WHAT TO DO
Starting at the top line and ending at the bottom one, repeat the entries exactly and drop every picture.

GIVEN ENTRIES
__________
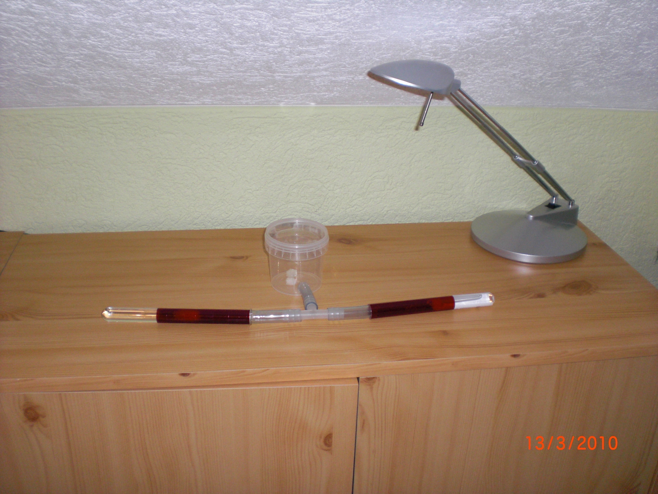 Als ich das Papier, welches um das Reagenzglas gewickelt war, entfernt habe, bekam ich einen Schock.
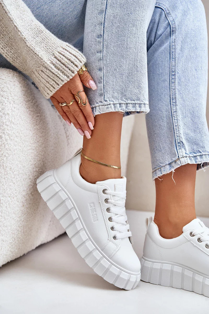 Dámské tenisky značky Big Star jsou módní a pohodlnou volbou pro chladnější dny. Zabudované na platformě, dodávají moderní styl a jemné zvýšení. Model je šněrovací, což zajišťuje ideální přizpůsobení, a zaoblené špičky jim dodávají klasický vzhled. Vnitřek byl lehce zateplen obuvnickou dekou, což zaručuje teplo a pohodlí při nošení. To je skvělá nabídka pro ženy, které si cení módního designu a pohodlí v jednom. Při výběru velikosti se prosím řiďte tabulkou velikostí.
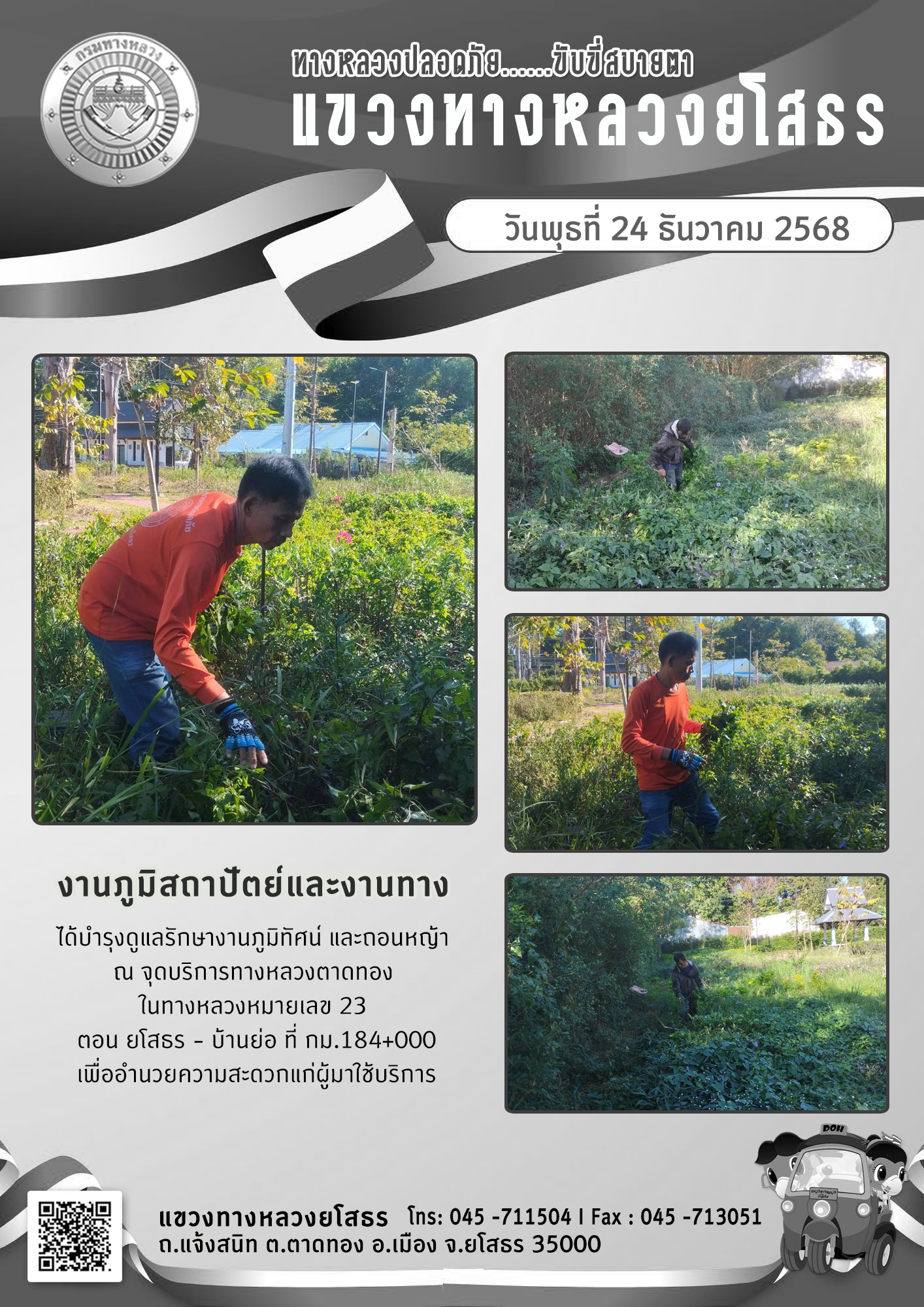 วันพุธที่ 24 ธันวาคม 2568 งานภูมิสถาปัตย์และงานทาง ได้บำรุงดูแลรักษางานภูมิทัศน์ และถอนหญ้า ณ จุดบริการทางหลวงตาดทอง ในทางหลวงหมายเลข 23 ตอน ยโสธร - บ้านย่อ ที่ กม.184+000 เพื่ออำนวยความสะดวกแก่ผู้มาใช้บริการ
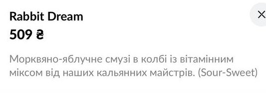 - меню также содержит кальян-меню, сигарное меню, винная карта, бургеры / сэндвичи
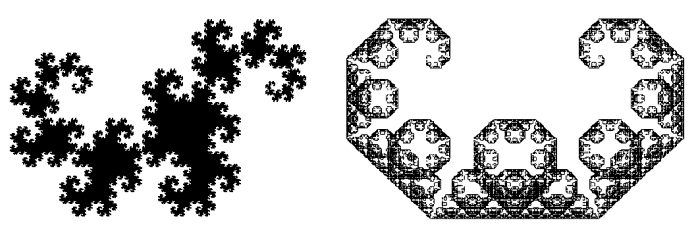 Obr.: Obrázek dvou fraktálů. Levý fraktál se nazývá dračí křivka a pravý C křivka. Oba vznikají jednoduchým iteračním výpočtem, kdy se nad odvěsnami pravoúhlého rovnoramenného trojúhelníka konstruují nové trojúhelníky stejného druhu, ovšem jejich přepony jsou odvěsnami původního trojúhelníka. Rozdíl obou fraktálů je dán polohou vytváření nových trojúhelníků. Z obrázku je patrno, že jednotlivé útvary se skládají ze zmenšených obdob těchto útvarů.
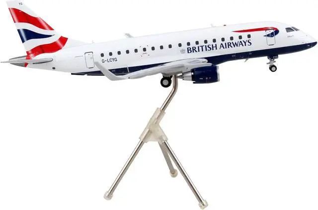 Brand new 1/200 scale diecast airplane model of Embraer ERJ-170 Commercial Aircraft "British Airways" White with Striped Tail "Gemini 200" Series die cast model by GeminiJets.
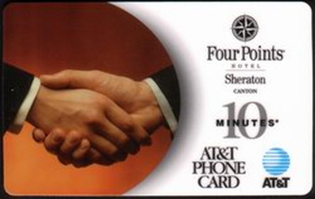 This collectible promotional phone card features imagery related to Canton, Ohio, and specifically highlights the Four Points Hotel Sheraton. The design prominently shows two men shaking hands on the left side of the card, symbolizing partnership or agreement. The top right corner contains the AT&T logo as well as the denomination, marked as "10m," indicating its value for telecommunications use.
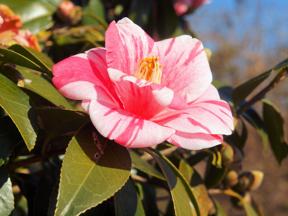 小さなビニールハウス?に咲いていた季節はずれのバラと椿です。
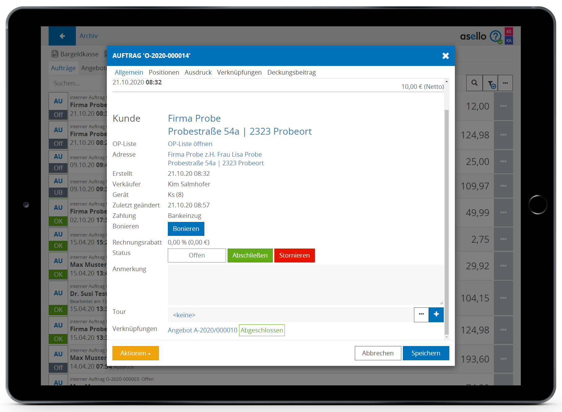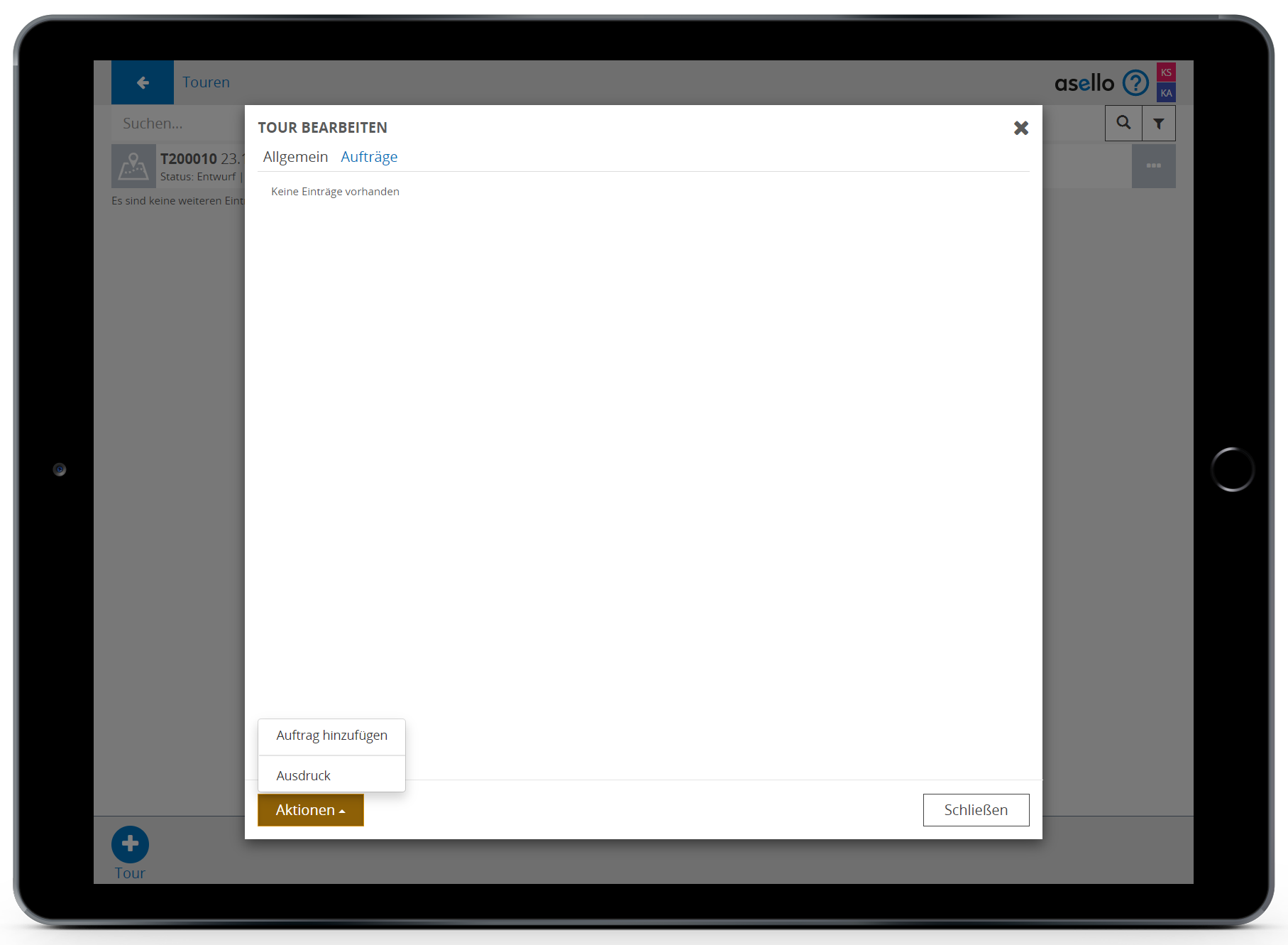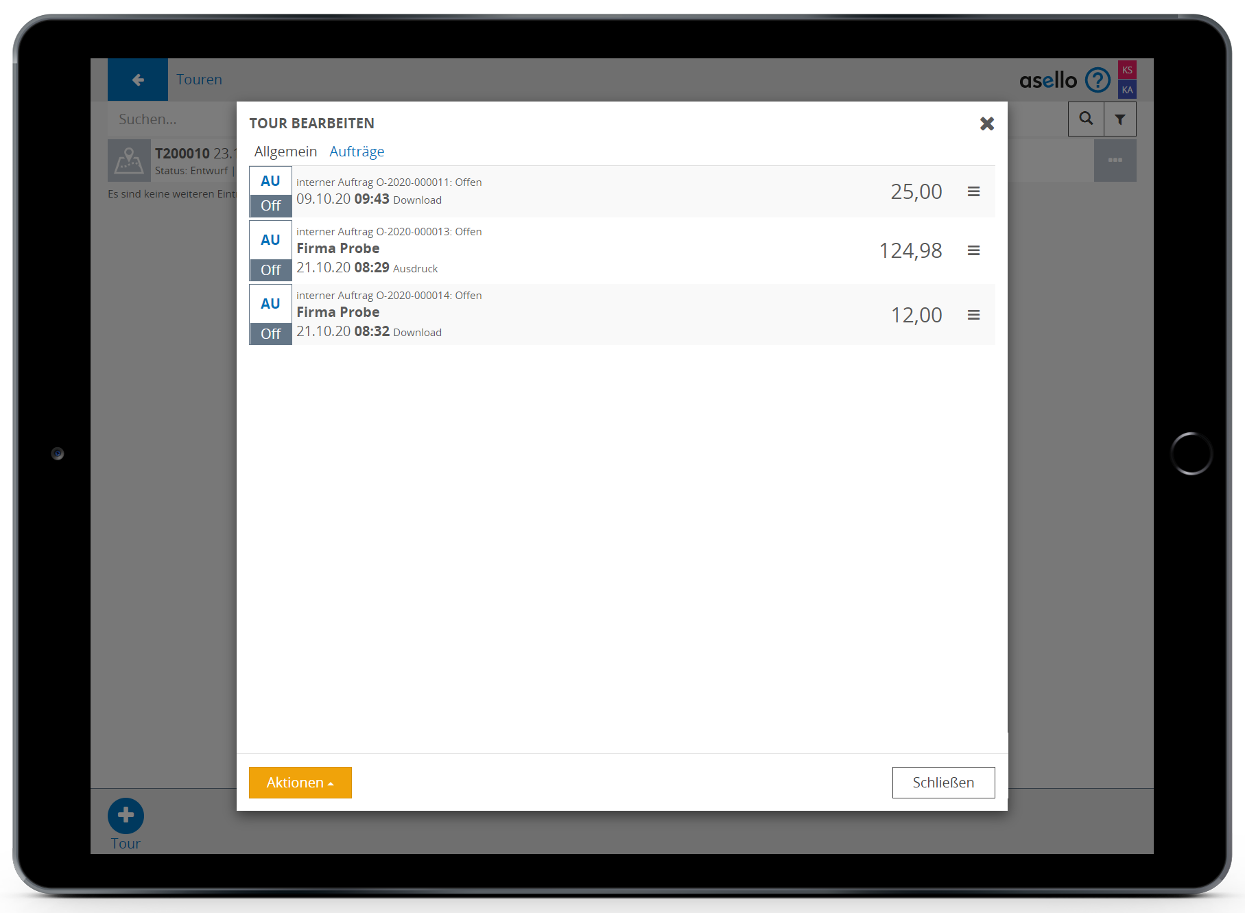 Um einen neuen Auftrag hinzuzufügen klicken Sie im linken unteren Eck auf den orangen Button „Aktionen“ und wählen Sie den Menüpunkt „Auftrag hinzufügen“. Es öffnet sich eine Übersicht Ihrer offenen Aufträge. Klicken Sie auf den Auftrag, den Sie der Tour hinzufügen möchten, oder klicken Sie auf das graue Symbol mit den drei Punkten am Ende der Zeile, um den Auftrag zu bearbeiten.
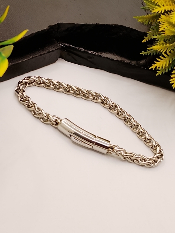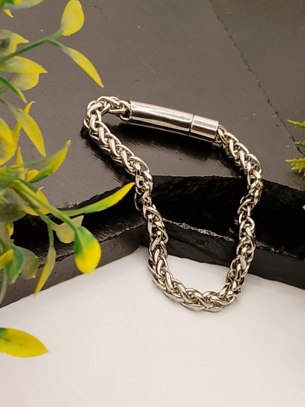 The bracelet has a tightly woven braided link chain with high-shine polished silver finish. It comes with a sturdy cylindrical magnetic clasp for easy and secure wear. Made from high-grade stainless steel.
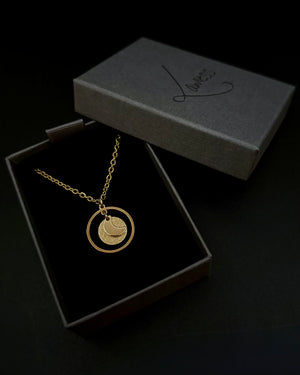 The Urania Reversible Moon & Star Necklace in all gold is a celestial shapeshifter - designed to shift with your mood, your orbit, and your intention. One side the Moon, the other a Star - two looks in one necklace, each glowing with polished lunar-solar energy.
__________
ANSWER AREA
 Als ich das Papier, welches um das Reagenzglas gewickelt war, entfernt habe, bekam ich einen Schock.
 Dámské tenisky značky Big Star jsou módní a pohodlnou volbou pro chladnější dny. Zabudované na platformě, dodávají moderní styl a jemné zvýšení. Model je šněrovací, což zajišťuje ideální přizpůsobení, a zaoblené špičky jim dodávají klasický vzhled. Vnitřek byl lehce zateplen obuvnickou dekou, což zaručuje teplo a pohodlí při nošení. To je skvělá nabídka pro ženy, které si cení módního designu a pohodlí v jednom. Při výběru velikosti se prosím řiďte tabulkou velikostí.
 วันพุธที่ 24 ธันวาคม 2568 งานภูมิสถาปัตย์และงานทาง ได้บำรุงดูแลรักษางานภูมิทัศน์ และถอนหญ้า ณ จุดบริการทางหลวงตาดทอง ในทางหลวงหมายเลข 23 ตอน ยโสธร - บ้านย่อ ที่ กม.184+000 เพื่ออำนวยความสะดวกแก่ผู้มาใช้บริการ
 - меню также содержит кальян-меню, сигарное меню, винная карта, бургеры / сэндвичи
 Obr.: Obrázek dvou fraktálů. Levý fraktál se nazývá dračí křivka a pravý C křivka. Oba vznikají jednoduchým iteračním výpočtem, kdy se nad odvěsnami pravoúhlého rovnoramenného trojúhelníka konstruují nové trojúhelníky stejného druhu, ovšem jejich přepony jsou odvěsnami původního trojúhelníka. Rozdíl obou fraktálů je dán polohou vytváření nových trojúhelníků. Z obrázku je patrno, že jednotlivé útvary se skládají ze zmenšených obdob těchto útvarů.
 Brand new 1/200 scale diecast airplane model of Embraer ERJ-170 Commercial Aircraft "British Airways" White with Striped Tail "Gemini 200" Series die cast model by GeminiJets.
 This collectible promotional phone card features imagery related to Canton, Ohio, and specifically highlights the Four Points Hotel Sheraton. The design prominently shows two men shaking hands on the left side of the card, symbolizing partnership or agreement. The top right corner contains the AT&T logo as well as the denomination, marked as "10m," indicating its value for telecommunications use.
 小さなビニールハウス?に咲いていた季節はずれのバラと椿です。
 Um einen neuen Auftrag hinzuzufügen klicken Sie im linken unteren Eck auf den orangen Button „Aktionen“ und wählen Sie den Menüpunkt „Auftrag hinzufügen“. Es öffnet sich eine Übersicht Ihrer offenen Aufträge. Klicken Sie auf den Auftrag, den Sie der Tour hinzufügen möchten, oder klicken Sie auf das graue Symbol mit den drei Punkten am Ende der Zeile, um den Auftrag zu bearbeiten.
 The bracelet has a tightly woven braided link chain with high-shine polished silver finish. It comes with a sturdy cylindrical magnetic clasp for easy and secure wear. Made from high-grade stainless steel.
 The Urania Reversible Moon & Star Necklace in all gold is a celestial shapeshifter - designed to shift with your mood, your orbit, and your intention. One side the Moon, the other a Star - two looks in one necklace, each glowing with polished lunar-solar energy.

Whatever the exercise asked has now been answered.